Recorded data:
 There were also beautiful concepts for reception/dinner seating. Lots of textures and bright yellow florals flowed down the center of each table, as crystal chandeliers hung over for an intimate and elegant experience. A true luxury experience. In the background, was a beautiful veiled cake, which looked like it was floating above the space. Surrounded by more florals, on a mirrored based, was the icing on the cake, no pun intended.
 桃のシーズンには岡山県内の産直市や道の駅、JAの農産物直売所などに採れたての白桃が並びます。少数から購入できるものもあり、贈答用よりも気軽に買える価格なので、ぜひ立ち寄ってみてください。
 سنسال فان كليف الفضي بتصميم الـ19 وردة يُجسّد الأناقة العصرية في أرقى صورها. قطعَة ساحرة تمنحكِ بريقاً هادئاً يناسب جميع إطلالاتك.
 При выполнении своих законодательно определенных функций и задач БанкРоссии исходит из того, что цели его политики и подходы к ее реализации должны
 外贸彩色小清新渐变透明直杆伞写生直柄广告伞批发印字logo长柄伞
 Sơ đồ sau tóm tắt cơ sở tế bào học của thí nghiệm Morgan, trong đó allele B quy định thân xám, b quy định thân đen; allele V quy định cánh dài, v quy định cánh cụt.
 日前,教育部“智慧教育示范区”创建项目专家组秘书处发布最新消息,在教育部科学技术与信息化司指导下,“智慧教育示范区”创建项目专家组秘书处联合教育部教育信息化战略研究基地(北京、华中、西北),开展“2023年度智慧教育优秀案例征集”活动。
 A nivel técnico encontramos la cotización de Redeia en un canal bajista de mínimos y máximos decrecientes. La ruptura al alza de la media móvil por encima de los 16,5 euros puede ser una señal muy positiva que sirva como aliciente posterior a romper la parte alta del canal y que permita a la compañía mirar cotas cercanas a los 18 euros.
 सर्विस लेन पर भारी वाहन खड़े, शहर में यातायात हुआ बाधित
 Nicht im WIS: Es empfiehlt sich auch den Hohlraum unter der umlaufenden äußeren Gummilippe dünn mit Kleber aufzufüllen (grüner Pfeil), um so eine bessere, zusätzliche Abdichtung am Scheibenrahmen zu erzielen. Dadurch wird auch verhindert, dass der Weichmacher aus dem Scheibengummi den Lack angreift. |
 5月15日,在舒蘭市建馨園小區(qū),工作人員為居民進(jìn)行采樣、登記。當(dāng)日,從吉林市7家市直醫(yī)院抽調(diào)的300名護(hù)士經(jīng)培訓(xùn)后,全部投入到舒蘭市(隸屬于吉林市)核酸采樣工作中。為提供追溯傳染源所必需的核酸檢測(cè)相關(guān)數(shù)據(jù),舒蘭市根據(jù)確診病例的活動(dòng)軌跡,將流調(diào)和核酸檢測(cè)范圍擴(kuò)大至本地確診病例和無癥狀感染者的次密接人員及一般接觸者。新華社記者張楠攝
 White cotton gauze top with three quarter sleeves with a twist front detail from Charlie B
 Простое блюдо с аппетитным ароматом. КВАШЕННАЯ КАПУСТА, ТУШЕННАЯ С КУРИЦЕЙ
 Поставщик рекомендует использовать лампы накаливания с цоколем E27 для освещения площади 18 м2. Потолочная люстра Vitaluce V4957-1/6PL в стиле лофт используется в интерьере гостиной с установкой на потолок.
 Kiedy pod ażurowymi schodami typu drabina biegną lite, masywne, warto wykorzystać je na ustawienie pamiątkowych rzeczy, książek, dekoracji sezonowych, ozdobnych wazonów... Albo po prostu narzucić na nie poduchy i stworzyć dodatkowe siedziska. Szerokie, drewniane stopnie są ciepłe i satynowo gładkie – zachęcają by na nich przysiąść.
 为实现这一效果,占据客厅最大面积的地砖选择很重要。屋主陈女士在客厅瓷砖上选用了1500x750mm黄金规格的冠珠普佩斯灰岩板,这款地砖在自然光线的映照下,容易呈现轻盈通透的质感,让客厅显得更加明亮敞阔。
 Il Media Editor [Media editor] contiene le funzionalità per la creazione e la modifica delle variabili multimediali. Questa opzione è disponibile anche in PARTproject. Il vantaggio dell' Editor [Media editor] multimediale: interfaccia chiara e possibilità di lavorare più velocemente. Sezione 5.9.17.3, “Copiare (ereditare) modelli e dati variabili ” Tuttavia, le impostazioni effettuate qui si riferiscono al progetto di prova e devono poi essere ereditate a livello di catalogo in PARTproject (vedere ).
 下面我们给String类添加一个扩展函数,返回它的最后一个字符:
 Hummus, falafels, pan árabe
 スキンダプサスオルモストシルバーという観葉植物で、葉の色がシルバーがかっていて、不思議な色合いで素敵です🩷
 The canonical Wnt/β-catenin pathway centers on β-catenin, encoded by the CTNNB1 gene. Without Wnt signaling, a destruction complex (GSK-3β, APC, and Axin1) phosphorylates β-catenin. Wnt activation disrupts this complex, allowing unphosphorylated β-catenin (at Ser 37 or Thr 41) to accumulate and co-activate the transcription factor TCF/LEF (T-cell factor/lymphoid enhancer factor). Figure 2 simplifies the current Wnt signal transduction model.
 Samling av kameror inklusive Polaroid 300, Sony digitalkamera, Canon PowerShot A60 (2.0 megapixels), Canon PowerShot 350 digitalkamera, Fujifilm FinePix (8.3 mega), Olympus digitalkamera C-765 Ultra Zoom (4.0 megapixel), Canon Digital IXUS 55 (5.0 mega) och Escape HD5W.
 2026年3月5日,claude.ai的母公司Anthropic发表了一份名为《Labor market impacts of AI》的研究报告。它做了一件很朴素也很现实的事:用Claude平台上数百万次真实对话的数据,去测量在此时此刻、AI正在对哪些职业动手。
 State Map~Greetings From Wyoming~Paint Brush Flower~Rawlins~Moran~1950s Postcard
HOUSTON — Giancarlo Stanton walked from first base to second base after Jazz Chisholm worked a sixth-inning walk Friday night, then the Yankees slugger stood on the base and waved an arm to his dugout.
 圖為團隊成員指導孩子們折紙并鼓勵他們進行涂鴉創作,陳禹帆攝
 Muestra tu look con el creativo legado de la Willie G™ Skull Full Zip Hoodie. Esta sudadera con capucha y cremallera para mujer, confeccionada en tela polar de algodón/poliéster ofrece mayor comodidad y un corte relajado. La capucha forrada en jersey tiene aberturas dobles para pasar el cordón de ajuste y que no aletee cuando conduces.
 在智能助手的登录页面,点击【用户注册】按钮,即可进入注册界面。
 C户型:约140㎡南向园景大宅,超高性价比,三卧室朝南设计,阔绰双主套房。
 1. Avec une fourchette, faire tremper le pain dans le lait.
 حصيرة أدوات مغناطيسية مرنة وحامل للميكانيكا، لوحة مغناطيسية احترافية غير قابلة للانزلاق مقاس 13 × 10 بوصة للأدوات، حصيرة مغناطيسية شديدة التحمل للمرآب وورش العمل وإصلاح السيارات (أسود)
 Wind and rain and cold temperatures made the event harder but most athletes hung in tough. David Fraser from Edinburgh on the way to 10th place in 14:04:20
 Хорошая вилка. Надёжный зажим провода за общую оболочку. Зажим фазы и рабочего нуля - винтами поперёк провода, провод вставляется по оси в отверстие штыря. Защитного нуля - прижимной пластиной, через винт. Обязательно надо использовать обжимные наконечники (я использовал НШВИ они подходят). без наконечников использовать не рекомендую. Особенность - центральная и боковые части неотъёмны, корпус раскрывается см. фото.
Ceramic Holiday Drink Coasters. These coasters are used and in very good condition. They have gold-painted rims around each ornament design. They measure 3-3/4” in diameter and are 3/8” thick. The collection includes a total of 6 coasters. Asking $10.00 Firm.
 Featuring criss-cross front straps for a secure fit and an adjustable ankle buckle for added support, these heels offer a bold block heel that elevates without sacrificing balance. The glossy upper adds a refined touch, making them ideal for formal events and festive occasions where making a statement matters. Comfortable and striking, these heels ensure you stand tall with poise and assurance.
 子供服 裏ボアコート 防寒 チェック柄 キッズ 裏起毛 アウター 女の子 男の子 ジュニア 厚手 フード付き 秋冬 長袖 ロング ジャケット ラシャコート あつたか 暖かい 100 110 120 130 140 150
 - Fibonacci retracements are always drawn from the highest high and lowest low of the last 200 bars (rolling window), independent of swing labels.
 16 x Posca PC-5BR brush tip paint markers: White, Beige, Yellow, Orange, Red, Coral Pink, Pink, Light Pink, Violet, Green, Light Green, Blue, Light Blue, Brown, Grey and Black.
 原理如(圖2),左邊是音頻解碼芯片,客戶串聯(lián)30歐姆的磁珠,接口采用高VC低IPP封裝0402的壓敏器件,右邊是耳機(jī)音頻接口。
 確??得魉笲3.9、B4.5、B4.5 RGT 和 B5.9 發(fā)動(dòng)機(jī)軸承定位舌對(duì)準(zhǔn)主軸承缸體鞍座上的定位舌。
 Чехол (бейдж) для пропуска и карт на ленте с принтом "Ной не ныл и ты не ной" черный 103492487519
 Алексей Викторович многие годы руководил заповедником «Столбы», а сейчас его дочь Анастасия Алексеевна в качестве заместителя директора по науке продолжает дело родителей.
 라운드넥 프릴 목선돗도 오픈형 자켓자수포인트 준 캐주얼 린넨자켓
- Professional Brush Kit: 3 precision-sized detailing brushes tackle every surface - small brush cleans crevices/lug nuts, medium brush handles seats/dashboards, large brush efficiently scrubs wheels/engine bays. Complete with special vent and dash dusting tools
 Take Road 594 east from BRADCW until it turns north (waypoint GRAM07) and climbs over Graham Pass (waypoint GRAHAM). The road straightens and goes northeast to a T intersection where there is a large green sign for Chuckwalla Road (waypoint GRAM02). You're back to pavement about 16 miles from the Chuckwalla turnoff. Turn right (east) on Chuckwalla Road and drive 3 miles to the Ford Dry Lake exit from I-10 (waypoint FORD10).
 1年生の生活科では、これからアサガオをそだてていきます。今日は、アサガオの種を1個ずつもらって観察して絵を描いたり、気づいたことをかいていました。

### WHAT YOU SHOULD DO
Please output exactly the lines between the one holding "White cotton gauze" and the one holding "Поставщик рекомендует использовать" in the records above, inclusive, and nothing more.

### ANSWER AREA
 White cotton gauze top with three quarter sleeves with a twist front detail from Charlie B
 Простое блюдо с аппетитным ароматом. КВАШЕННАЯ КАПУСТА, ТУШЕННАЯ С КУРИЦЕЙ
 Поставщик рекомендует использовать лампы накаливания с цоколем E27 для освещения площади 18 м2. Потолочная люстра Vitaluce V4957-1/6PL в стиле лофт используется в интерьере гостиной с установкой на потолок.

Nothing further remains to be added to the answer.